1. What are you willing to change?

If you’re not planning on making changes based on the data you’re collecting and analyzing, just stop. I heard from folks who’d been collecting all kinds of statistics that, at the end of the day, they weren’t useful in terms of supporting actual strategy or tactics.

What changes are you willing to make based on how you analyze data? Click To Tweet

The exact opposite of that is the demand-driven acquisition (DDA) and evidence-based acquisition (EBA) models, which we heard quite a lot about at ER&L. In these programs, libraries partner with publishers to make e-resources available for purchase or access after crossing some usage threshold. It’s a great example of using just-in-time data to make specific collection development decisions.

2. Be an anthropologist, not a number cruncher

In the absence of readily available (or useful) data, it seems that more libraries are investing in user surveys and usability tests, especially involving students. Librarians from CUNY spoke about watching their student testers locate an electronic article on a specific topic. The staff watched where the students navigated online, what they typed into search boxes and how they sorted results.
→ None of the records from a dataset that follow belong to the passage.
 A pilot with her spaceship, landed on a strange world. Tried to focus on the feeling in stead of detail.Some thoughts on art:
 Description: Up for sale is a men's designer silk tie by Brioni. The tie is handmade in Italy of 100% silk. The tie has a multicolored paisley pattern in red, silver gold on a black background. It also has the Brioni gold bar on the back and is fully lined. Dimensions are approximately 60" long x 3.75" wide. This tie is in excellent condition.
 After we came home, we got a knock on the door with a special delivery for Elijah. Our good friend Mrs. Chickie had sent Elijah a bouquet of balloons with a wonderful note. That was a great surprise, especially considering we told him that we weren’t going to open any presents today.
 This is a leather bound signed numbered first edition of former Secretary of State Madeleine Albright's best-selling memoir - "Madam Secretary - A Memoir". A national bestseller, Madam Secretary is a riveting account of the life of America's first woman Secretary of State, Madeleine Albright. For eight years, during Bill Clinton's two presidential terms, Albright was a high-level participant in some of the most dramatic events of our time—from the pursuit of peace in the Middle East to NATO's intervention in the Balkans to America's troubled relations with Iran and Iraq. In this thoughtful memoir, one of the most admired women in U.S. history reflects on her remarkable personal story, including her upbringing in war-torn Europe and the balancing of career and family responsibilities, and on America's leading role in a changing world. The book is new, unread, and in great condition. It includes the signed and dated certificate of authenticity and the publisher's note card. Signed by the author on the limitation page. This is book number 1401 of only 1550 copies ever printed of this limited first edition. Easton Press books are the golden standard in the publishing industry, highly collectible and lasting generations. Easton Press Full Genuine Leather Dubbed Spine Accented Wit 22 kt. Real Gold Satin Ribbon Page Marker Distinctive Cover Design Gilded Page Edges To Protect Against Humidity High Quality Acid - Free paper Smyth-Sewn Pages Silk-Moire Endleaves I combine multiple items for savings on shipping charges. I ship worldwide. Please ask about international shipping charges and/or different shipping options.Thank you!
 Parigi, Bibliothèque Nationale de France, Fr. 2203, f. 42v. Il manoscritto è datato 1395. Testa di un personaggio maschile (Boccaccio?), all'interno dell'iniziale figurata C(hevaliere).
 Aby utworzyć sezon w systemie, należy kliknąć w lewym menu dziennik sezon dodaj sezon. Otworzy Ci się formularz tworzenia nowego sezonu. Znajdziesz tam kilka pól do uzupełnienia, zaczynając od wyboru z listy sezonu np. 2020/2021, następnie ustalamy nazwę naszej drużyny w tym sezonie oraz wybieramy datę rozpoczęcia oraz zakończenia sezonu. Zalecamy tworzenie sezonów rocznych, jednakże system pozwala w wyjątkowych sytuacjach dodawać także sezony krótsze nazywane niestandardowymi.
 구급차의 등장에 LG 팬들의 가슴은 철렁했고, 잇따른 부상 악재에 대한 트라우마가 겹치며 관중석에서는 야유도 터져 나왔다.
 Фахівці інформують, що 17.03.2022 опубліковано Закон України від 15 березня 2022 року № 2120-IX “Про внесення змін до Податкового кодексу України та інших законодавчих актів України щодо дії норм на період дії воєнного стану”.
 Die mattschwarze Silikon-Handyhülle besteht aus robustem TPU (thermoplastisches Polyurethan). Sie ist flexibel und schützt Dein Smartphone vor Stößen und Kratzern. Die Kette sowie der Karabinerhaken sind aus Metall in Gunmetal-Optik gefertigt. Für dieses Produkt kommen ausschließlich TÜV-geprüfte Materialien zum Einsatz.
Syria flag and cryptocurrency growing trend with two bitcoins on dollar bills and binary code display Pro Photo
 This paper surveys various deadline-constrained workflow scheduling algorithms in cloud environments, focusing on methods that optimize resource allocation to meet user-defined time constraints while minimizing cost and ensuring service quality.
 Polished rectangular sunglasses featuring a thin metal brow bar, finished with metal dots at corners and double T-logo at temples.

Some libraries, like Montana State University, are working to optimize their e-resources for search engines and social media. Their Open SESMO project incorporates linked data terms and social media-friendly images into e-resource records to help online information seekers find their resources. The “data” in this case is based on observations of students in order for the library to “be in the right place at the right time.”

Smart, simple glimpses into the “life of the user” can inform your strategy as much as pages of gate stats.

3. All together now

Most librarians I talked to are trying to manage whatever data they can collect in Excel, which has limitations. Library staff who want to engage in data-driven collection development are still sometimes forced to make guesses about what their users want or compare “apples and oranges” when data comes in different formats from different sources.

This is where a conference like ER&L really helps. When we can get together and agree on formats and standards that work well, we can develop better, shared tools for analysis and implementation. For example, when vendors and publishers use COUNTER-compliant statistics, libraries can compare data from across multiple sources much more easily. Some folks I spoke with were a bit frustrated that they weren’t able to get COUNTER reports for streaming video services.

Using data standards also allows us to do wider-ranging, even global analysis and research. It’s handy for any one library to have access to standardized reports. But when thousands of libraries get together?

Data is a means, not the end

Collectively—when we are thoughtful about how and why we collect and share data—libraries can make an impact not just on their own institutions, but across the entire information landscape. The trick is to always think of data in terms of what it can do for us, not just what we need to do to get more.